Feddie Strickland: Got it. And then switch to deposit costs. You guys had a lot of success this quarter holding down deposit costs. Can you talk a little bit more about your deposit strategy for the year and how your different business lines like Wealth play into that?
Dominic Canuso: Sure. Yes. I would say, first, setting the landscape for the Greater Philadelphia market is predominantly driven by the larger banks that aren’t rushing to change their rates. We do see some competition from smaller banks who have higher loan-to-deposit ratios. But across the board, we have a very consistent and loyal customer base, and we provide a full suite of products and services from variable rate deposits all the way to higher-priced CDs. And so we continue to work with our customers to leverage our — the right product for the interest rate expected and for their needs. And we expect to be competitive to retain our existing customers and to be able to grow new customers in this market throughout the year.

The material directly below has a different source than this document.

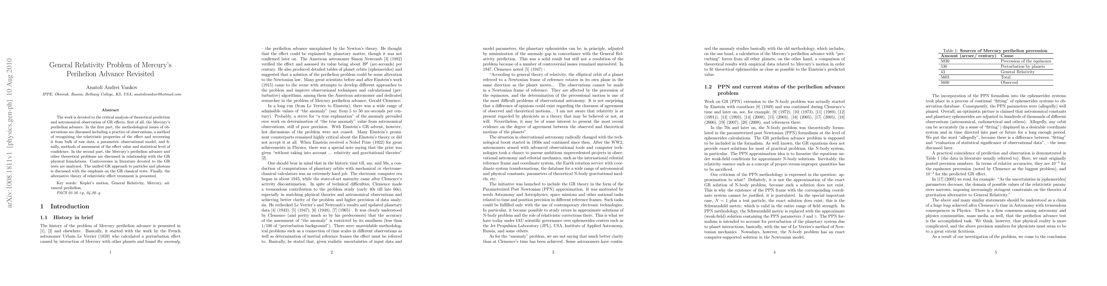 The work is devoted to the critical analysis of theoretical prediction and astronomical observation of GR effects, first of all, the Mercury's perihelion advance. In the first part, the methodological issues of observations are discussed including a practice of observations, a method of recognizing the relativistic properties of the effect and recovering it from bulk of raw data, a parametric observational model, and finally, methods of assessment of the effect value and statistical level of confidence. In the second part, the Mercury's perihelion advance and other theoretical problems are discussed in relationship with the GR physical foundations. Controversies in literature devoted to the GR tests are analyzed. The unified GR approach to particles and photons is discussed with the emphasis on the GR classical tests. Finally, the alternative theory of relativistic effect treatment is presented.

We continue to benefit from a well-diversified deposit base with more than 50% of our deposits coming outside of our consumer and branch network with $2 billion coming from Trust and Wealth. And we do expect both from the Wealth side being able to grow deposits, particularly in this environment where there’s a heightened focus on Wealth Management. And over the long term, while there may be some quarter-to-quarter variation in the trust deposits, we do see opportunity to continue to take market share and grow those over the long run. But those are all included in our deposit outlook for the year.

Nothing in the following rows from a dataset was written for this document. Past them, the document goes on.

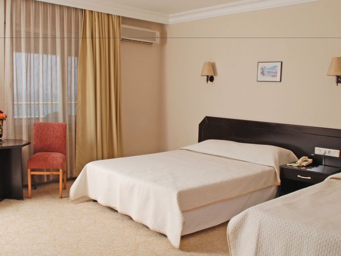 Хотелът разполага общо със 180 стандартни стаи. Всички стаи са оборудвани с климатик, телевизор, телефон, баня с душ/вана, сешоар, сейф (платен), балкон. Почистване на стаите- всеки ден.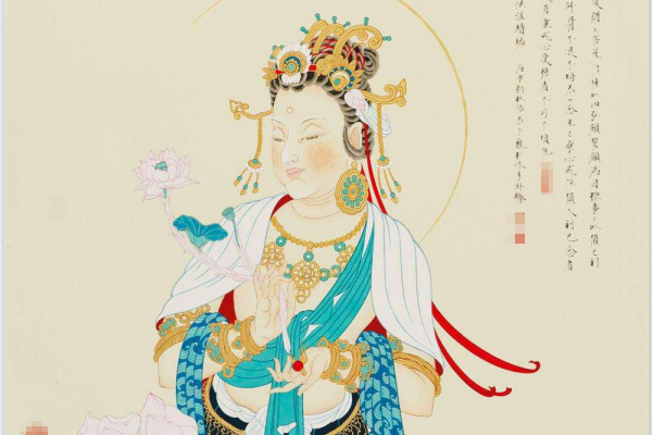观音手持莲花形象的寓意:持莲观音配童男、童女身。将纯真的少男少女比喻为莲花之花蕾,可感受到怀着纯净菩提心的持莲观音期待花儿盛开之心愿。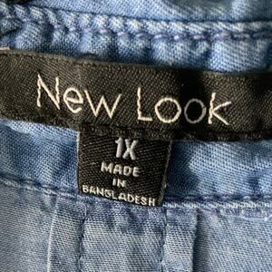 New Look Button Up Tunic Dress Womens 1X Long Sleeve Drawstring Chambray Denim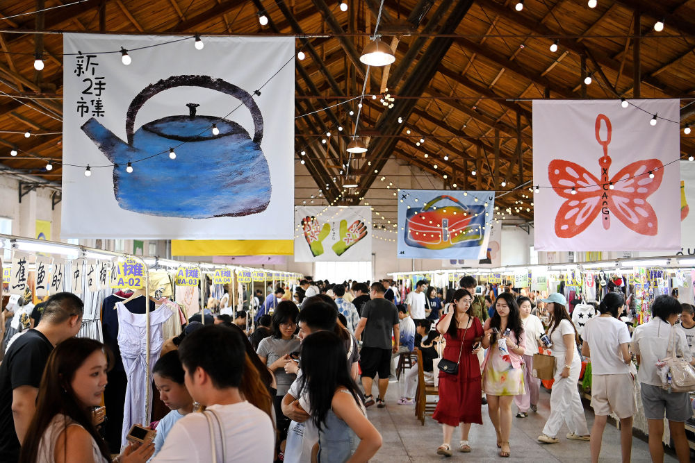 2025年7月5日,游客在西安西仓市集文创公园内的“新二手市集”上参观游览。2024年以来,西安对西仓区域实施“微更新、轻改造”,在保留核心区传统集市风貌的基础上,升级改造原有设施,建设西仓市集文创公园,打造“复合型文化消费新场景”;通过引入创新业态、开设“新二手市集”等方式,让咖啡潮玩、非遗体验、城市记忆展览等年轻化元素与市井烟火相融共生,使老城核心区在“微更新”中持续焕发新活力。

Feddie Strickland: Got it. Dominic, that’s helpful. And just 1 more follow-up. Just following up on an earlier question, given the cash flow of the investment portfolio we’ve already discussed and the excess liquidity runoff, it sounds like we might continue to see a limited amount of earning asset decline in the next couple of quarters. Is that a fair assessment? .
Dominic Canuso: It really will be a function of the trend of the liquidity environment, but we would expect our total assets and interest earning assets to be relatively stable throughout the year.

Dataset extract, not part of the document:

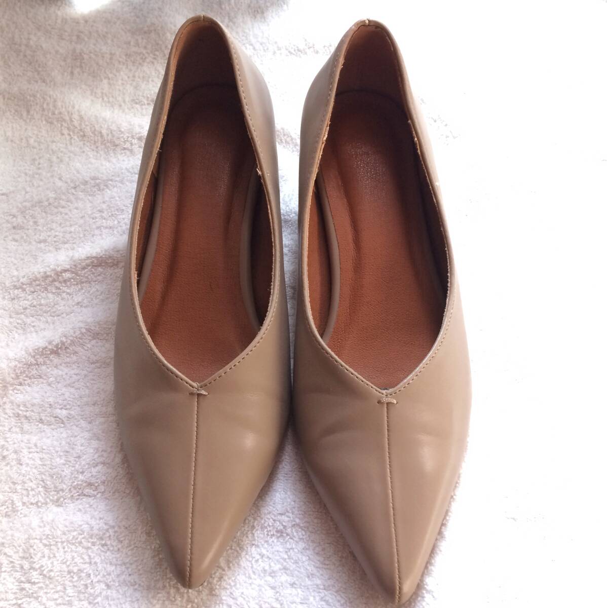 ころんとフォルムが大人かわいい、丸ヒールセンターシームパンプス。

Operator: Your next question comes from the line of Michael Perito with KBW.
Michael Perito: Just a couple. First, just a point of clarification, Dominic, on the 2023 guide, Steve kind of addressed the loan growth. But where else does the mild recession assumption show. I mean, obviously, in the 40 to 50 basis points provisioning I’d imagine. But does it impact anything else like in terms of NIM or efficiency that we should just be aware of if the macro kind of shifts more favorable?
Dominic Canuso: Yes. I think some of that will show up in our fee income, particularly mortgage banking and the wealth side of our Wealth & Trust business on the AUM side. So they could have upside relative to our outlook if the economic forecast becomes more rosy.
Michael Perito: Okay. That makes sense. And then, Rodger, a big picture question. I mean I think — if I think back over the last handful of years, while the economic environment is uncertain, this feels like one of the cleaner guides we’ve had. There’s no runoff. There’s no accretable yield in the margin or at least much smaller. And so I’m kind of looking at these return targeted metrics, the 150 ROA, the 230 PPNR ROA, are these the right metrics for you guys for the time being for us to be thinking of? And is the focus kind of for you guys to try and grow the franchise on a net basis, while maintaining these metrics? Is that kind of the right way to think about kind of strategically where you guys are at, at this point? Or would you frame it differently?